Wir, die nicht direkt betroffen sind können uns überlegen, inwieweit der Satz: Zeit ist das neue Geld! jetzt Recht hat. So hat es vor nicht langer Zeit geheißen … und? sind wir jetzt alle reicher geworden? Wir sind ja zugleich konfrontiert mit vielen Einschränkungen. Reich an Zeit, ja - auch reich an Erkenntnis? reich an Einsicht: darüber wer wir sind, was uns wirklich wichtig ist, welche Bedürfnisse Grundpfeiler in unserem Leben sind? Über das, was Firlefanz und unnötig ist … aber es kann auch schmerzlich bewusst werden, was uns fehlt – jetzt in der Situation und vielleicht überhaupt im Leben.

Was hilft, ist den Moment zu sehen und auch so gut als möglich für sich zu sorgen. Das Aufleben alter Traditionen – wie täglich für sich zu kochen und auch Gemüse haltbar machen. Zur Sicherheit und weil wir neben dem Trockenzeugs wie Reis und Nudeln auch noch etwas „Gesundes“ brauchen. Lange ist es her, dass ich das selber gemacht habe. Es macht Freude so für sich zu sorgen. Und das Rezept mit den eingelegten Salzzitronen von Neni ist ein spannender Versuch … mal schauen, was daraus wird. Nachdem die Biozitronen mit Meersalz und wenig Zucker vermengt wurden, sollen sie eigentlich ewig haltbar sein. Aber solange wird der Ausnahmezustand hoffentlich nicht dauern. Das sagt schon sein Name, oder?

In meiner Produktion gibt es neben den Salzzitronen jetzt frische Bärlauchpaste aus dem Wald von nebenan und aus einigen bereits vertrockneten Datteln wurde ein Dattelmus. Und jetzt werde ich mich auf die Suche machen nach einem sinnvollen Rezept um das frische Kurkuma haltbar zu machen. Ich finde Hinweise, dass sich Kurkumawurzeln ganz einfach einfrieren und im gefrorenen Zustand reiben lassen. Außerdem halten sie lange im Gemüsefach, wenn sie nicht zu feucht – also nicht luftdicht - gelagert werden.

Wer gerne gemeinsam mit anderen kocht, der ist bei Dr.
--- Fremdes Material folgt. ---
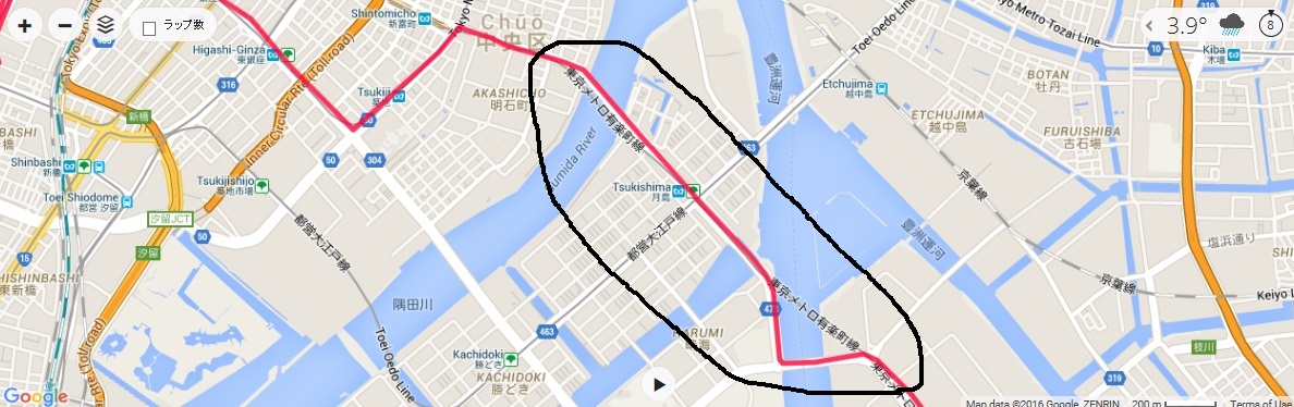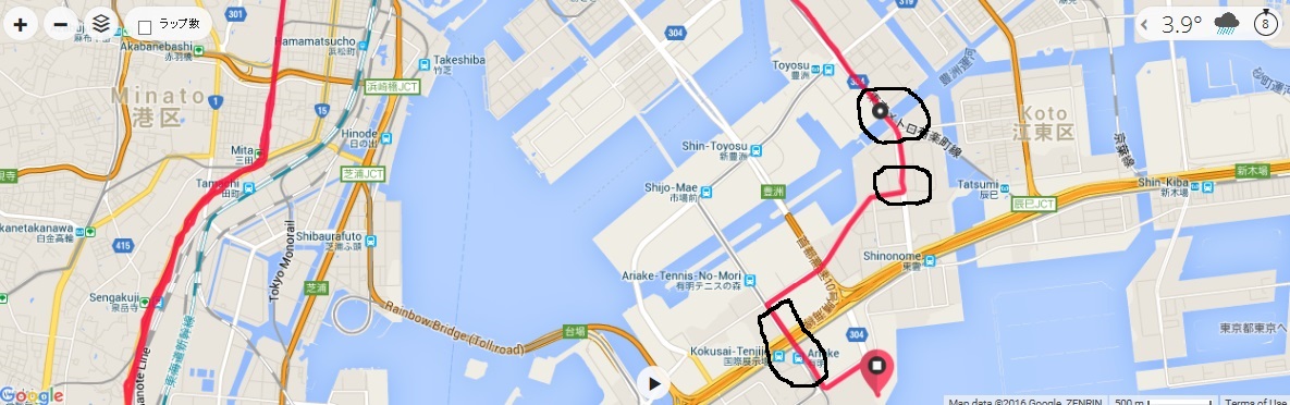 08 February 東京マラソン あれこれ 東京マラソンのスタート・ブロックについて以前書きましたが、肝心の!?タイムロスについて触れなかったので、念のため、自分の経験を書いておきます。 参加大会 ブロック タイムロス 2012年 C 1分51秒 2013年 A 21秒 2015年 B 1分9秒 続いて老婆心ながら、GarminのGPSではご覧のとおり、スタート直後からメチャクチャなことになります。自動ラップはNGですね。距離表示は1キロ毎に↓のような物が埋め込まれていてかなり正確だと思うので、手動ラップ必須です。 因みに、僕のGarminでは、毎回43km前後走ったことになっています。言わずもがな、実際の平均ペースより速いタイムが表示されることになるので、5km毎に目標タイムと比べることが必要になってきます。 コースについては他のブログで詳しくレポートされていると思うので、ここでは一つだけ。 36kmからの佃大橋アップダウン(上のマップで黒く囲んだところ)が最大の難関と言われることが多いような気がしますが、個人的には、39km辺りの東雲橋と41kmの有明駅の坂のほうがよっぽど辛かったです。 佃大橋は歩道がないため、確かに沿道の応援が途切れる区間ではありますが、ダラダラ上りの後はダラダラ下りが待っているし、上がった息を整えるには十分です。しかも、左折して春海橋からは左手にスカイツリーが見渡せ、豊洲駅まで大声援が続くので、走っていて楽しいと思います。問題は東雲橋。距離はごく短いですがなかなかの急こう配で脚にきます。そして、40km付近の中越運送を右折しますが、ここからは沿道の応援が激減し、風景もちょっとさみしくなります。風も強いとさらに凹みます。そしてそして、最後の難関、41km地点の有明駅の坂。結構なダラダラ急こう配。メチャクチャしんどいです。これさえ乗り越えれば感動のゴール!です。 最後までお読み頂きありがとうございます。ポチっとお願いします。

Claudia Nichterl in guter Gesellschaft – jeden Tag um 12.00 Uhr kocht sie live in ihrer Küche nach der Traditionellen Chinesischen Medizin. Wer jetzt Zeit dafür hat, kann mit #Der Mund ist das Tor zur Gesundheit sein Immunsystem sinnvoll stärken.  Ich bin seit Mittwoch dabei und habe schon viel gelernt. Ich kann es wärmstens empfehlen. Vielleicht treffen wir uns dort – jeden Tag mittags um 12.00 Uhr.  https://www.facebook.com/events/521082108577005/

Noch eine Möglichkeit sich zu treffen gibt es ab 20.00 Uhr abends. Nach der Schweiz und Deutschland stellen auch wir in Österreich jetzt jeden Tag um 20.00 Uhr als Zeichen der Gemeinsamkeit und der Hoffnung eine Kerze ins Fenster.

Verlieren Sie den Mut und die Hoffnung nicht! Und bleiben Sie gesund!